Supplemental Figure 11 (Top) Metagenes of public datasets[61, 40]. Libraries were generated from K562 Cells
treated with DMSO and prepped with either PRO-LIG or GRO-CIRC methods. All 4 nucleotides added to the
run-on reaction were biotin-NTPs. (Bottom) Public data[61, 40] were subjected to analysis as in Fig. 3C, left (see
Supplemental Table 1). PI regions were defined as in Fig. 3. Notably, the rank correlation remains low (R=0.44)
consistent with PI differences being driven by protocol.
Supplemental Figure 12 Density plot of read counts (TPM) over HCT116 enhancers annotated in the FANTOM
database. FANTOM annotations were generated from CAGE data, thus we reasoned that most FANTOM regions
would overlap with relatively stable bidirectional transcription.

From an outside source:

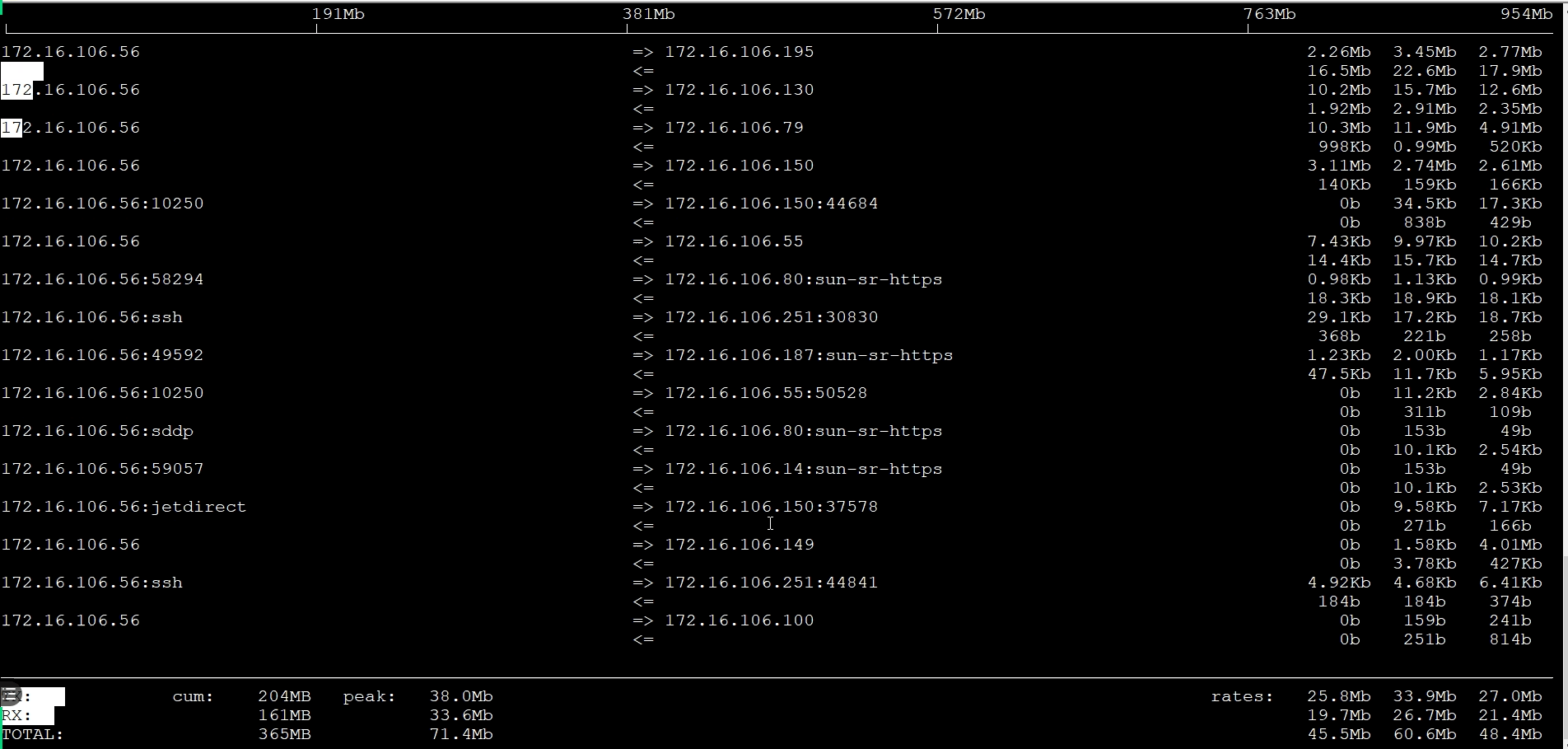 可以看到,IO都是NFS写过来的。那NFS的流量又是从哪里来的呢?从下面的数据来看,这些流量是从各个挂载了NFS盘的机器写过来的,这是我们一开始部署应用的时候,考虑统一使用NFS来做IO的思路。因为这个机器挂载了一个大容量的磁盘,为了保证磁盘够用,就把多个主机挂载了NFS盘。

As such, read counts over these regions is much more
highly correlated between different protocols.
Supplemental Figure 13 UpSet plot of Tfit and dREG calls among PRO-LIG, GRO-LIG, and GRO-CIRC libraries.
Calls from replicates and treatments were combined using muMerge [6]. Much of the disparity in these overlaps can
be attributed to Tfit or dREG failing to call bidirectional regions despite the presence of bidirectional transcription,
as shown in 4C,D. However, there remains many enhancer regions not captured in one protocol at this depth.

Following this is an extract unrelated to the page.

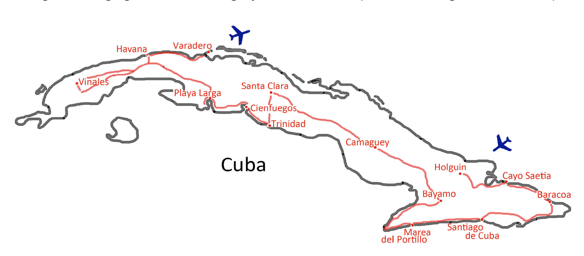 De reis begint in Holguin, aan de oostkant van Cuba. Langs de noordkust gaat de route richting het pittoreske Baracoa. Via de prachtige bergweg La Farola gaat het naar de zuidkant van het eiland. Hier is het veel droger en groeien zelfs cactussen. In het rustieke koloniale Santiago de Cuba zijn leuke kleine straatjes en typische Cubaanse barretjes. Na een bezoek aan het grote fort gaat het verder door het Sierra Maestra gebergte naar Bayamo, met een fraai gerenoveerd koloniaal centrum. De grote vierbaansweg door Cuba, aangelegd door tussen met grootheidswaanzin wordt, behalve een paar auto’s, vooral gebruikt door fietsers en paard en wagens. Via de prachtige stad Camaguey vind je in Santa Clara de laatste rustplaats van de iconische Che Guevara. Na een bezoek aan zijn mausoleum gaat de route verder richting een van de mooiste steden op Cuba: Trinidad. Deze stad is wel een vrije dag waard, om heerlijk door de kleine straatjes te dwalen. Via het strand van Playa Larga, ga je op weg naar de vallei van Viñales. Trek de wandelschoenen aan, om de vallei te voet te verkennen, tussen landbouwvelden en tabaksplantages door, omringt door steile bergwanden. Als laatste staat Havanna op het programma, de prachtige hoofdstad van Cuba, waar je heerlijk door vervallen en gerenoveerde koloniale straatjes kunt dwalen. Ook de Malecon, de boulevard langs de kust, is bezienswaardig. De terugvlucht gaat vanaf het nabij gelegen Varadero. Het is ook mogelijk om de reis te verlengen met een paar dagen aan het strand van Varadero.

Supplemental Figure 14 Density Plot of Read Counts (TPM) over Tfit Calls between replicates Read counts for
merged Tfit calls for PRO-LIG replicates. Counts are log(TPM) normalized to correct for depth. Very low read
count calls (TPM < .1) were excluded as likely false positives.

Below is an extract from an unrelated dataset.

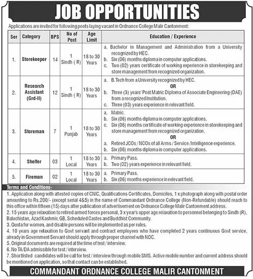 Ordnance College invites applications for job positions advertised in daily The News dated 7 December 2025 for following vacancies in Karachi, karachi Sindh Pakistan.

Supplemental Figure 15 Metagene of enhancers differentially captured in either GRO-LIG or GRO-CIRC libraries
Tfit calls across replicates and treatments were combined together using muMerge for both GRO-LIG and
GRO-CIRC libraries. Metagenes of calls that were differentially captured (as determined by DESeq, see also 4,
Materials and Methods) were generated for both GRO-CIRC (Top) and GRO-LIG (Bottom) Tfit calls. Reads counts
were normalized by CPM.
Supplemental Figure 16 Example enhancer region where libraries appear to disparately capture differential p53
enhancer activity. Darker colors represent transcription level in Nutlin-3a treated libraries, while lighter colors
represent levels found in DMSO-treated libraries. Read counts are normalized by CPM.
Supplemental Figure 17 Enrichment plot of GSEA results for GRO-LIG, PRO-LIG, and GRO-CIRC libraries Gene
region definitions were adjusted as per 5A. In spite of library variations, the HALLMARK_P53_PATHWAY (red) is
the strongest hit in all of our library comparisons.
Supplemental Figure 18 Overlap of GSEA p53 genes in GRO-LIG and PRO-LIG libraries. Analysis was performed
using counts over gene bodies (Left), and using a 5’ correction (Right), as in 5A (see also Materials and Methods).
Hunter et al. Page 21 of 21
Supplemental Figure 19 TFEA results for PRO-LIG libraries. Regions were combined by muMerge, as in Fig. 5. Red
dots indicate transcription factors belonging to the p53 family (TP53, TP63, TP73).
Supplemental Figure 20 Rank Differential of GRO-LIG and PRO-LIG enhancers. Ranks were determined within the
TFEA through DESeq2. p53 enhancers which were more than 2 SD away from the mean were considered to be
differentially captured in GRO-seq or PRO-seq.